▶ **Your task**:
Leaving out all pictures, transcribe exactly the lines between the line with "图为陈奎生校长颁发特聘教授聘书 摄影:谭艳" and the last line of the records below, both included.

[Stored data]

::::::

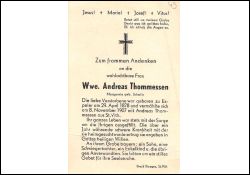 ∞ 8.11.1907 Andreas Thommessen aus St. Vith; jahrelange schwere Krankheit; 1 überlebender Sohn; Druck in St. Vith |
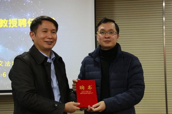 图为陈奎生校长颁发特聘教授聘书 摄影:谭艳
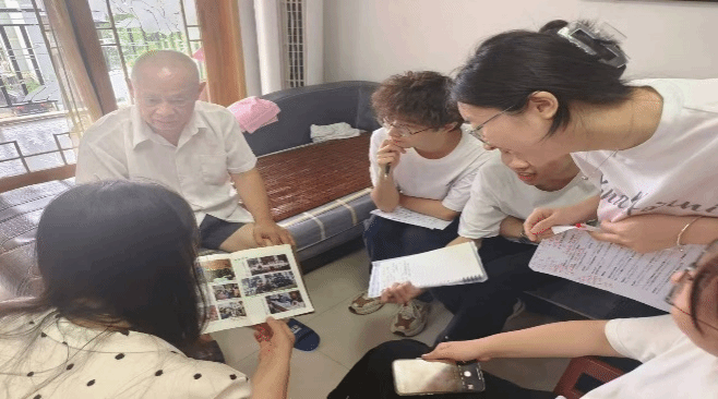 采访围绕尹关山先生的研究历程和阳新布贴的发展过程展开。尹老先生首先向我们解释了自己为何从事阳新布贴的研究,尹关山老师说:“自己从小就热爱画画,无论多苦多累,也要找个角落去写生。” 通过采访,实践团了解到,在1985年,湖北省文化厅为保护和挖掘省内民间文化遗产,动员全省文化系统的干部职工搜集“民间美术品”。动员会开过两个多月,全县收集工作竟杳无动静。身为阳新县文化馆美术干部的尹关山,有点着急。尹关山先生最朴素的想法是,阳新虽说是国家级的贫困县,但精神不能缺钙,工作不能被人瞧不起。33岁的他,告别妻儿,打起背包,走村串户,自己去寻找。
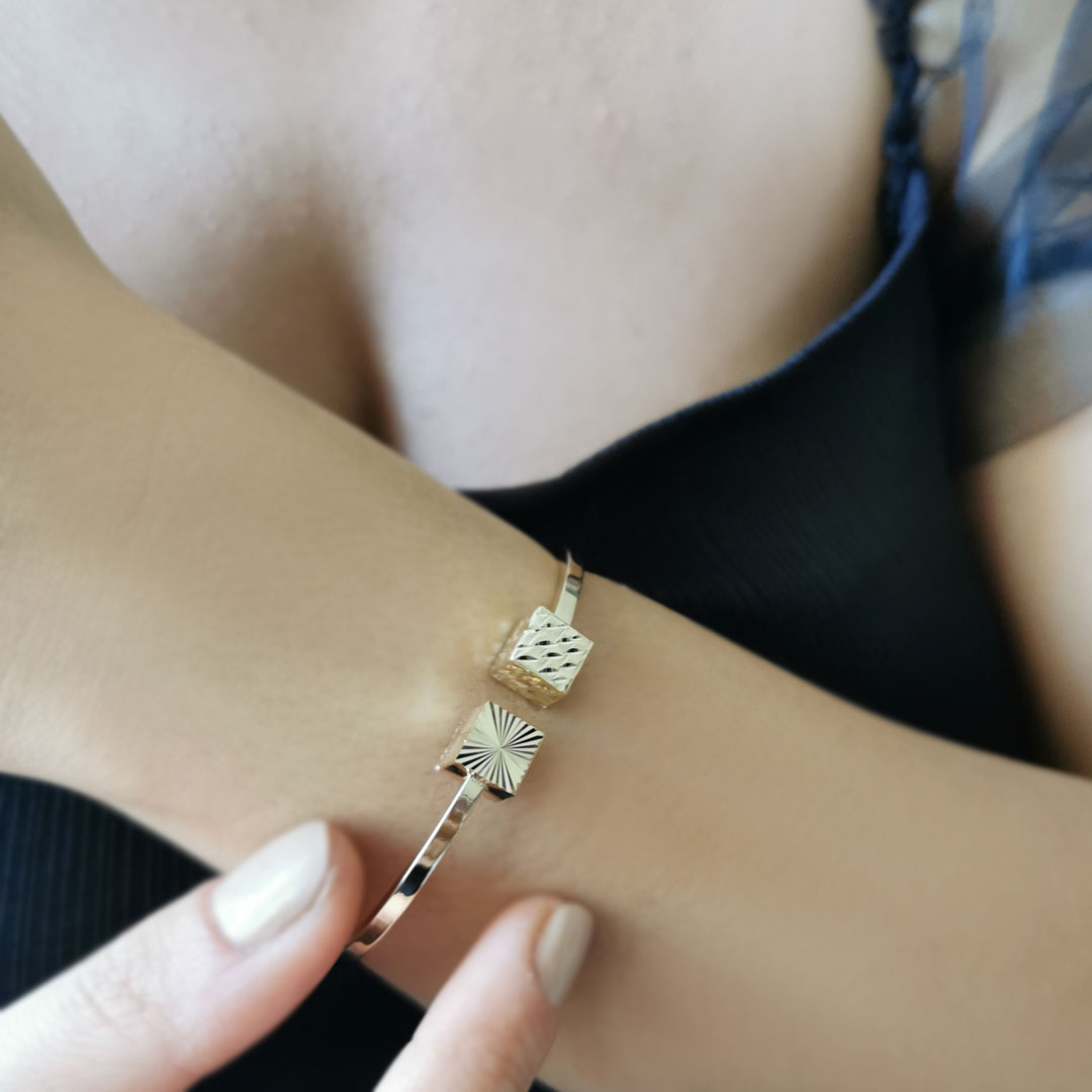 5.65 Gram Ağırlığında 14 Ayar Kalemli Küp Başlı Altın İsabel Kelepçe / Bilezik.
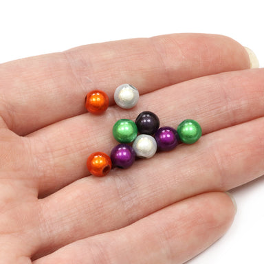 A fun Halloween miracle bead mix! 4mm beads in a mix of purple, orange, green, black and white. These are known as miracle beads because the way t...
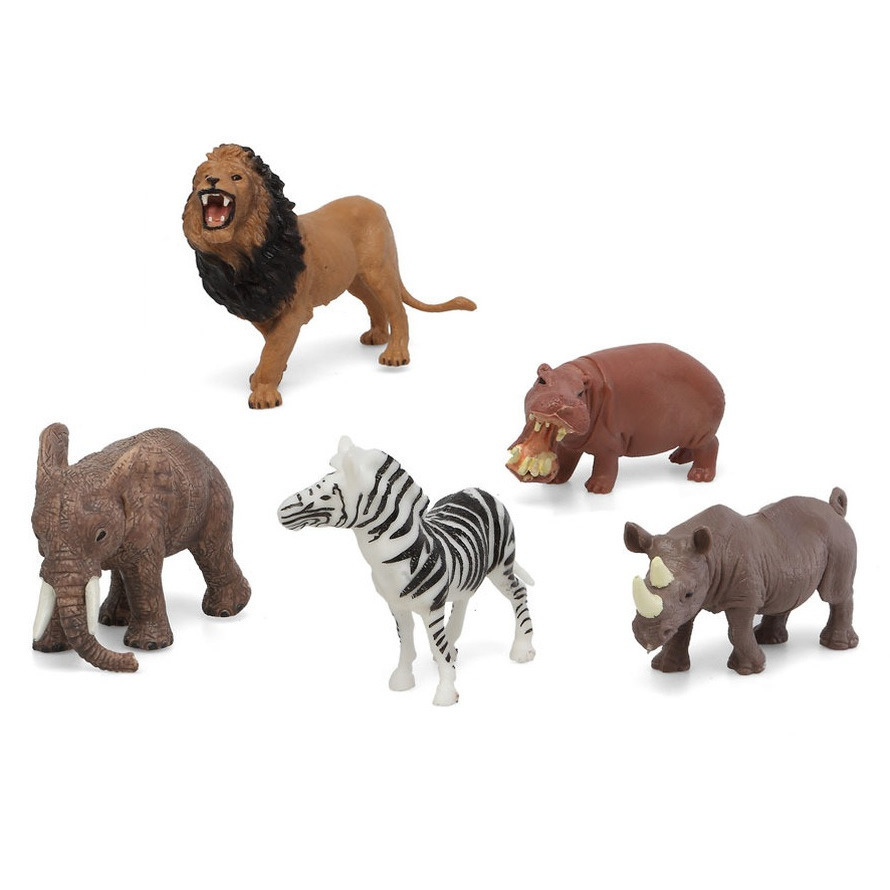 Speelgoed safari jungle dieren figuren 5x stuks. Materiaal: kunststof. De afmetingen variëren van ca. 11 x 8 cm / 7 x 7 cm.
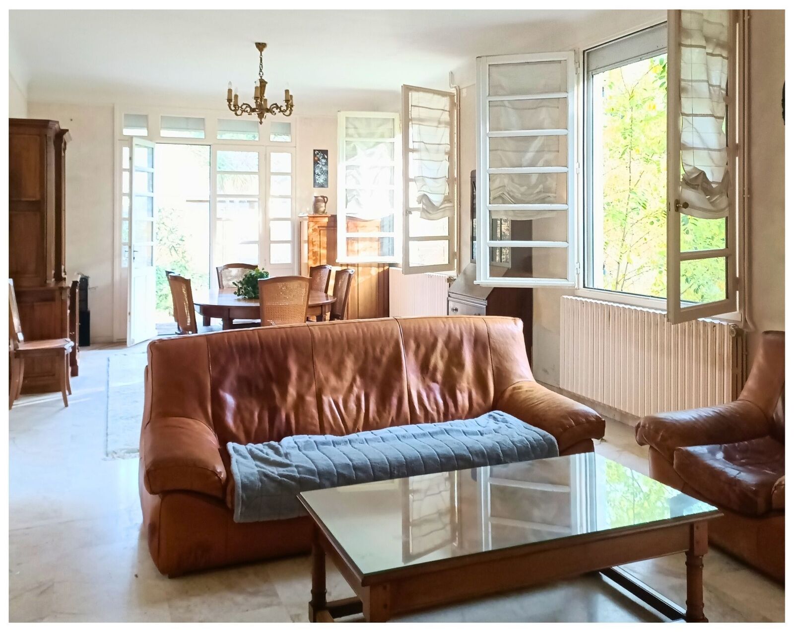 Implantée sur une belle parcelle arborée de 1 543 m², la maison développe plus de 200 m² habitables : un vaste séjour double avec cheminée, une véranda plein sud, six chambres, un bureau, ainsi que deux garages et une cave.

::::::

▶ **Answer box**:
 图为陈奎生校长颁发特聘教授聘书 摄影:谭艳
 采访围绕尹关山先生的研究历程和阳新布贴的发展过程展开。尹老先生首先向我们解释了自己为何从事阳新布贴的研究,尹关山老师说:“自己从小就热爱画画,无论多苦多累,也要找个角落去写生。” 通过采访,实践团了解到,在1985年,湖北省文化厅为保护和挖掘省内民间文化遗产,动员全省文化系统的干部职工搜集“民间美术品”。动员会开过两个多月,全县收集工作竟杳无动静。身为阳新县文化馆美术干部的尹关山,有点着急。尹关山先生最朴素的想法是,阳新虽说是国家级的贫困县,但精神不能缺钙,工作不能被人瞧不起。33岁的他,告别妻儿,打起背包,走村串户,自己去寻找。
 5.65 Gram Ağırlığında 14 Ayar Kalemli Küp Başlı Altın İsabel Kelepçe / Bilezik.
 A fun Halloween miracle bead mix! 4mm beads in a mix of purple, orange, green, black and white. These are known as miracle beads because the way t...
 Speelgoed safari jungle dieren figuren 5x stuks. Materiaal: kunststof. De afmetingen variëren van ca. 11 x 8 cm / 7 x 7 cm.
 Implantée sur une belle parcelle arborée de 1 543 m², la maison développe plus de 200 m² habitables : un vaste séjour double avec cheminée, une véranda plein sud, six chambres, un bureau, ainsi que deux garages et une cave.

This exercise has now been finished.